### WHAT NEEDS TO BE DONE
Would you please repeat exactly the entries below, starting at the line with "Lucky Brand Lucky" and ending at the line with "1.2 采购内容:通过公开询", and nothing outside that range? Leave out the pictures.
--- DATA FOR ANALYSIS ---
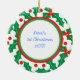 El primer Personalizable de Navidades de Holy Berry Baby contiene un adorable bebé con un adorable bebé en un borde verde, rojo y sagrado con estampado de berry en el frente, mientras que en la parte posterior está el nombre del bebé.
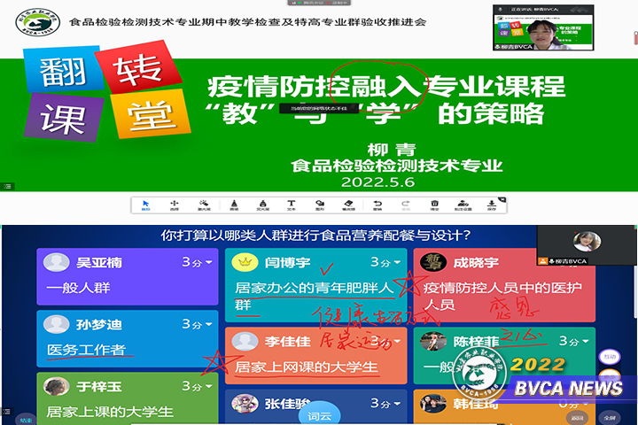疫情防控一线、教学一线就是战斗一线。食生系领导班子高度重视,统一部署,成立系部领导+专业主任+教学秘书+督导员组成的指导组,食品营养与检测专业党支部根据学院和系党总支部署,组建教授与骨干教师组成的先锋队,团队通力合作制定线上备课方案,对线上教学方案分解,精准施策,开展翻转课堂教学经验分享、“如何改进线上教学方法”、线上教学公开课等形式多样的主题党日活动,并就每日健康上报汇总、线上巡课、心理咨询等成立工作专班,全天候为疫情防控、线上教学保驾护航,保障在线教学期间各项工作平稳有序进行。
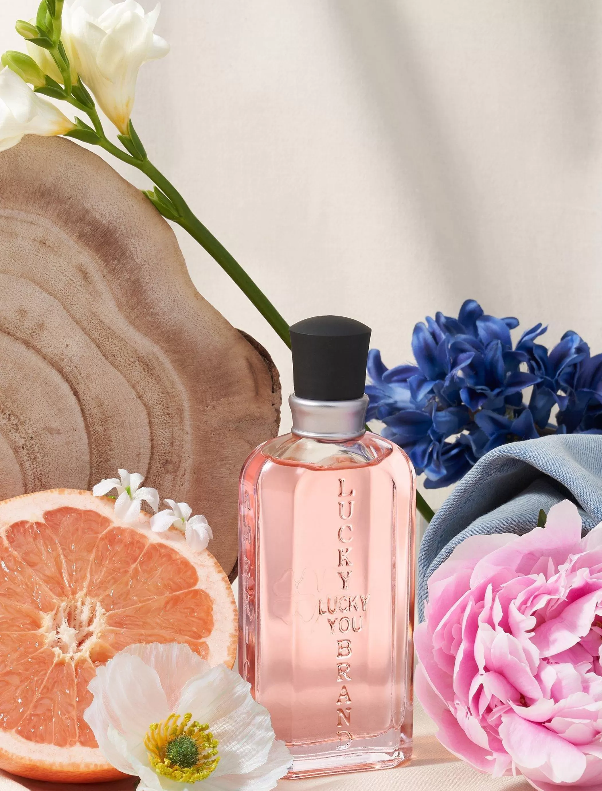 Lucky Brand Lucky You Women Eau De Toilette 3.4 Oz. Spray is a bright, fun-loving fresh floral. Capturing the all-American spirit of LA, the clean feminine scent possesses a blend of refreshing jasmine, poppy and grapefruit, with warmer notes of amber, sandalwood and musk to bring balance. This perfume is ideal for the woman who fancies a delicate, floral fragrance perfect for casual or daytime wear.
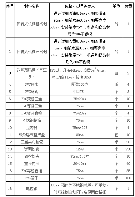 1.2 采购内容:通过公开询价方式确定1家入围单位,作为beat365在线唯一官网污水处理站格栅机风机设备采购项目供货商,供货商按采购清单提供设备,并完成设备的采购安装调试及售后服务。
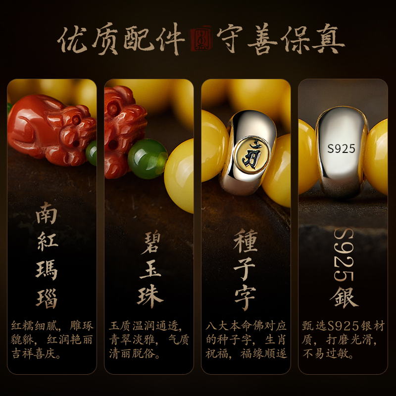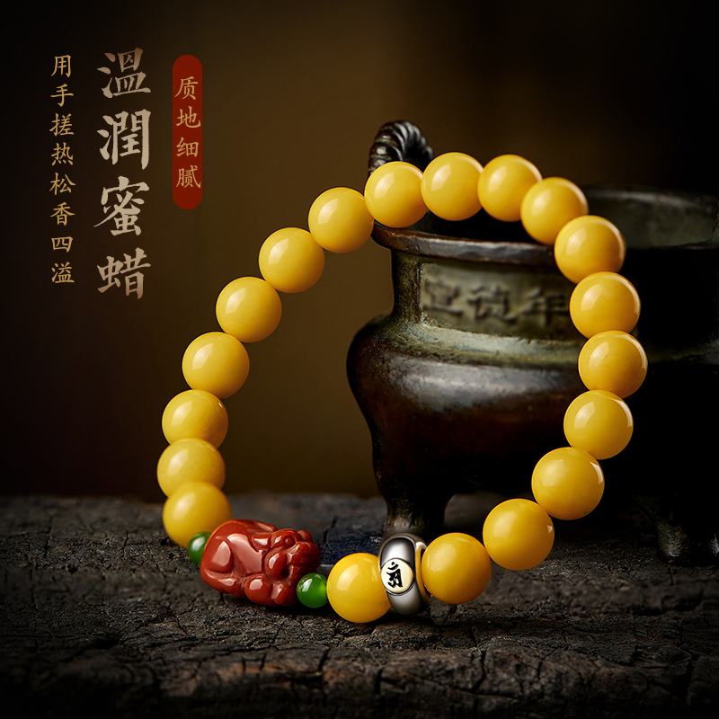 蜜蜡手串女鸡油黄琥珀满蜜南红玛瑙貔貅圆珠单圈转运珠本命佛手链
---
### EXERCISE RESPONSE
 Lucky Brand Lucky You Women Eau De Toilette 3.4 Oz. Spray is a bright, fun-loving fresh floral. Capturing the all-American spirit of LA, the clean feminine scent possesses a blend of refreshing jasmine, poppy and grapefruit, with warmer notes of amber, sandalwood and musk to bring balance. This perfume is ideal for the woman who fancies a delicate, floral fragrance perfect for casual or daytime wear.
 1.2 采购内容:通过公开询价方式确定1家入围单位,作为beat365在线唯一官网污水处理站格栅机风机设备采购项目供货商,供货商按采购清单提供设备,并完成设备的采购安装调试及售后服务。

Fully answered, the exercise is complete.